Sometimes I am able to ignore it.
And sometimes my affluence and privilege smacks right in the face.
It started when I was in college and read "Rich Christians in an Age of Hunger" by Ron Sider. And I righteously raged about the fact that the middle schoolers I taught in middle school each had more than one pair of $100 shoes. But now, I know how quickly $100 slips through my fingers. Honestly, it feels like it is gone before I can blink.
Although I try to ignore it, the fact of my (and my family's) affluence has lately been smacking me in the face, forcing me to take notice. And it's really uncomfortable.
A few weeks ago, we had a 7th birthday party. It was a doll tea party. 5 out of the 7 girls had American Girls Dolls--some were hand me downs, some were saved for over a long period of time, some were gifts, but the fact remains that in my circles, people have enough resources to have $100 dolls.

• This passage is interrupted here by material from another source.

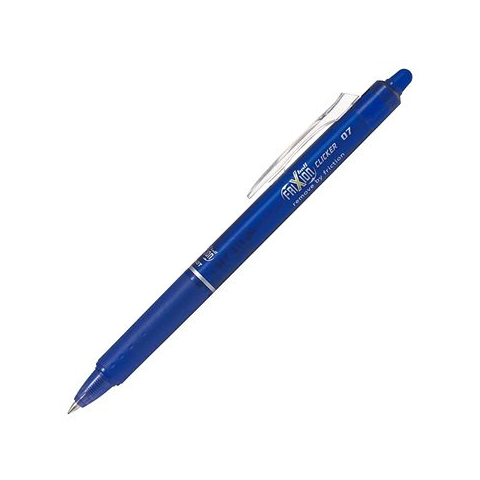 Radírozható toll - roller nyomógombos mechanizmus, kék töltet, hegy vastagsága 0,7 mm, vonalvastagság 0,35 mm, anyaga műanyag, 3 toll a csomagban A remek PILOT FriXion Clicker 07 / 0,35 mm, kék - 3 darabos csomagban radírozható toll lényeges paraméterei Nyomógombos kivitel Radírozható tintával ellátott betét Kék színű töltet 0,7 mm széles hegy

I can admit that we have 3 of these dolls.
Yesterday, I spent 2 hours putting stuff away to get my house ready to have someone clean it. Problem one--I have so much stuff that I had to spend 2 hours to put it all away (and I still didn't get it all put away). While I can try to justify the about of stuff in our house, it is simply true that we have a lot, more than we need. And then (problem two), I was cleaning up so someone could come in a clean for me. I have the luxury of "not cleaning" and allowing someone else to do it.
Finally, when we accepted a new job for Eric, we made a huge financial trade-off. We took a significant pay cut for the health of our family (more family time, better hours). And it has been wonderful. Except that we are now trying to live within this new financial reality. It's been tough. We've made cuts--no more cable, tightened down on spending, trying to sell a car. But really, we haven't had to choose between feeding our family and paying our mortgage. We have plenty. We're tremendously blessed, yet we 'struggle.'
However, I am painfully aware that there is a mom somewhere in the Sahel region of Africa (google it) who will tonight go to bed with children whose stomachs are distended with hunger. That she will only be able to give them a scant cup of food rations tomorrow. That the chances that her children will die from this hunger are painfully real. I know there are families who are so destitute that they have sold children to slavery or prostitution.

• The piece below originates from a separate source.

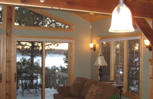 This beautiful, one bedroom plus, cabin suite on the water has everything a couple could want in a newly built comfortable getaway. This charming home has a wood burning fireplace, built in sound system, flat screen TV, granite counter tops and Old Hickory Club furniture. It is air conditioned and has in floor heat for year around comfort. It also is designed with additional in wall sleeping (Murphy bed) accommodations for the occasional guest. The great room with 12 foot tall ceilings is enhanced by professionally decorated interiors with a bold use of timber posts, beams, color and antlers.

Now, I can already hear some well-meaning responses "not to feel guilty." I agree, I shouldn't feel guilty, God has given our family these gifts. However, it is good to be bothered. And I am bothered in my soul. And I am bothered about a number of things.
And it matters.
It matters because money was something Christ talked a lot about. He said it is hard for the rich to enter into the kingdom of heaven (and I'm beginning to understand why). He praised the widow who gave away everything she had. God's economy favored the poor, the needy, the downtrodden.
If I care about Christ, I care about what he cared about--I pay attention to his economy. It affects how I spend money, how I think about money, how I live.

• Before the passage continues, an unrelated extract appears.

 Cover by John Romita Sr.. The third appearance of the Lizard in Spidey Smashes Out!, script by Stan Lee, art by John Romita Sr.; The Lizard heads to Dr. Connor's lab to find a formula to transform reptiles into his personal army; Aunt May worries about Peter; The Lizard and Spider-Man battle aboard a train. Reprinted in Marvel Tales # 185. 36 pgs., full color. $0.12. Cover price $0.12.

I don't have any answers. I don't know how to live Christ's economy in a place where money slips through fingers like water. I don't know how to help that mother in Africa and I often feel that what I can offer isn't nearly enough to affect real change in our world.
I have come to the conclusion that my being bothered is right and good and true. And God can use this bothering to further his kingdom.
What is it that bothers you? How do you come to terms with it?